[Saved entries]
[Start of section]
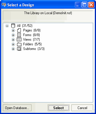 | TIP | When you click Select a Design, the designs you'll initially see listed are those found in the database currently open in actionBarEZ. However, the dialog also provides an Open Database button which lets you choose a different database, in case you'd like to copy action bar properties from a design in another application. |
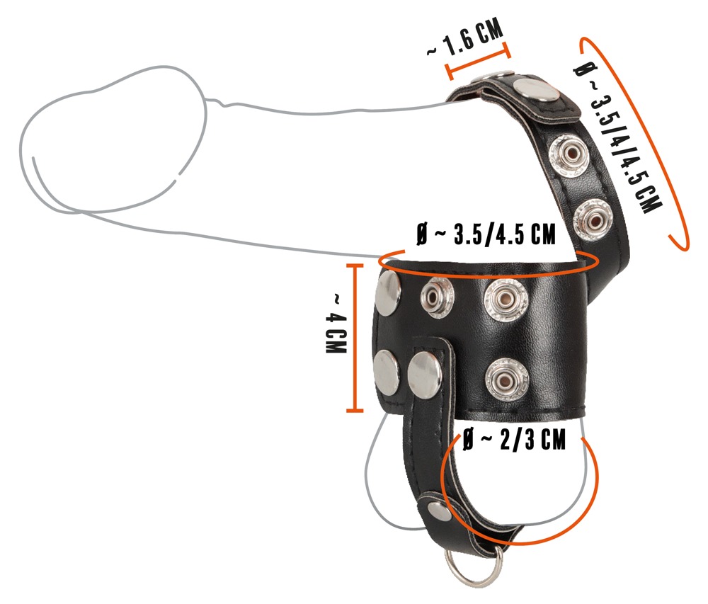 Penisriemen 1,6 cm breit, Ø 3,5 cm/4 cm/4,5 cm; Hodenriemen 4 cm breit, Ø 3,5 cm/4,5 cm, Hodenteiler 2 cm/3 cm lang. Gewicht 27 g. PU, Metall.
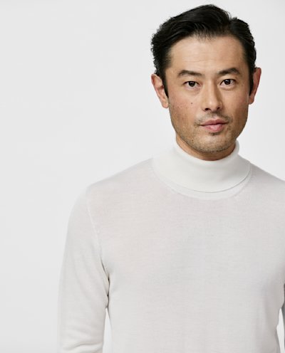 This off-white knit offers a luxurious layer with an element of lightness. The high-quality blend combines the drape and shine of silk with the softness of cashmere. Crafted on 3D-knitting machines for a sophisticated seamless look. Designed here as a turtleneck, in double ply for extra body. Make this knitwear your own with our customization options. Cashmere & silk Superior drape Shine Soft feel
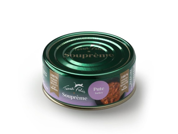 Rozkoszuj swojego kota urokami natury z Terra Felis Souprème Turkey, kremową zupą stworzoną w 100% ze składników jakości spożywczej. Ta kolekcja, opracowana przez weterynarzy, powstaje w naszym własnym zakładzie produkcyjnym na bawarskiej wsi, gdzie surowe kontrole jakości gwarantują perfekcję. Składa się z ponad 93% wysokiej jakości mięsa i bogatych w składniki odżywcze podrobów, a także bogatego, gładkiego bulionu. Zapewnia to naturalny smak i pyszny aromat, które przyciągną nawet najbardziej wybredne koty.
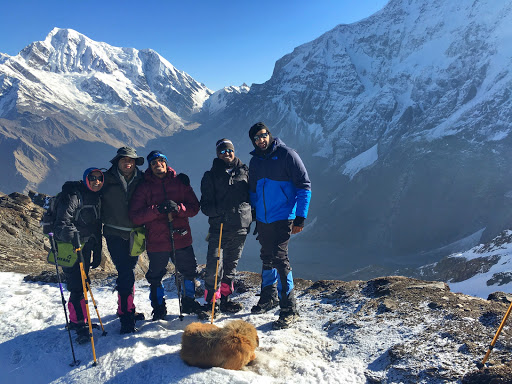 The climb to Kalu Vinayak temple is a steep zig-zag trail. With every turn, we gained significant height and it continued till we reached the top of the mountain where Kalu Vinayak shrine was present. We continued to have the same formation – Krishna with girls at the front, and Pradhanji at the back. It is imperative that this climb is done slowly so that body gets ample time to acclimatize. We reached Kalu Vinayak temple by noon. It was a very demanding trail – long distance, steep climb, cold wind and thin air. Shutterbugs clicked “been-there-done-that” pictures while the rest of us (including me) chose to rest in silence.
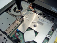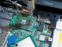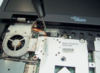 | ...и снимаем процессор | Устанавливаем новый процессор, покрываем поверхность кристалла термоинтерфейсом и собираем ноутбук в обратной последовательности |
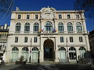 The Hôtel de Ville (French pronunciation: [otɛl vil], City Hall) is a municipal building in Pau, Pyrénées-Atlantiques, western France, standing on Place Royale. It was originally commissioned as a theatre, but was later remodeled internally to serve as a town hall as well. It was designated a monument historique by the French government in 2017.[1]
[End of section]
=== TASK DIRECTIONS ===
Copy every record exactly; no pictures.

=== RESULT OF THE EXERCISE ===
 | TIP | When you click Select a Design, the designs you'll initially see listed are those found in the database currently open in actionBarEZ. However, the dialog also provides an Open Database button which lets you choose a different database, in case you'd like to copy action bar properties from a design in another application. |
 Penisriemen 1,6 cm breit, Ø 3,5 cm/4 cm/4,5 cm; Hodenriemen 4 cm breit, Ø 3,5 cm/4,5 cm, Hodenteiler 2 cm/3 cm lang. Gewicht 27 g. PU, Metall.
 This off-white knit offers a luxurious layer with an element of lightness. The high-quality blend combines the drape and shine of silk with the softness of cashmere. Crafted on 3D-knitting machines for a sophisticated seamless look. Designed here as a turtleneck, in double ply for extra body. Make this knitwear your own with our customization options. Cashmere & silk Superior drape Shine Soft feel
 Rozkoszuj swojego kota urokami natury z Terra Felis Souprème Turkey, kremową zupą stworzoną w 100% ze składników jakości spożywczej. Ta kolekcja, opracowana przez weterynarzy, powstaje w naszym własnym zakładzie produkcyjnym na bawarskiej wsi, gdzie surowe kontrole jakości gwarantują perfekcję. Składa się z ponad 93% wysokiej jakości mięsa i bogatych w składniki odżywcze podrobów, a także bogatego, gładkiego bulionu. Zapewnia to naturalny smak i pyszny aromat, które przyciągną nawet najbardziej wybredne koty.
 The climb to Kalu Vinayak temple is a steep zig-zag trail. With every turn, we gained significant height and it continued till we reached the top of the mountain where Kalu Vinayak shrine was present. We continued to have the same formation – Krishna with girls at the front, and Pradhanji at the back. It is imperative that this climb is done slowly so that body gets ample time to acclimatize. We reached Kalu Vinayak temple by noon. It was a very demanding trail – long distance, steep climb, cold wind and thin air. Shutterbugs clicked “been-there-done-that” pictures while the rest of us (including me) chose to rest in silence.
 | ...и снимаем процессор | Устанавливаем новый процессор, покрываем поверхность кристалла термоинтерфейсом и собираем ноутбук в обратной последовательности |
 The Hôtel de Ville (French pronunciation: [otɛl vil], City Hall) is a municipal building in Pau, Pyrénées-Atlantiques, western France, standing on Place Royale. It was originally commissioned as a theatre, but was later remodeled internally to serve as a town hall as well. It was designated a monument historique by the French government in 2017.[1]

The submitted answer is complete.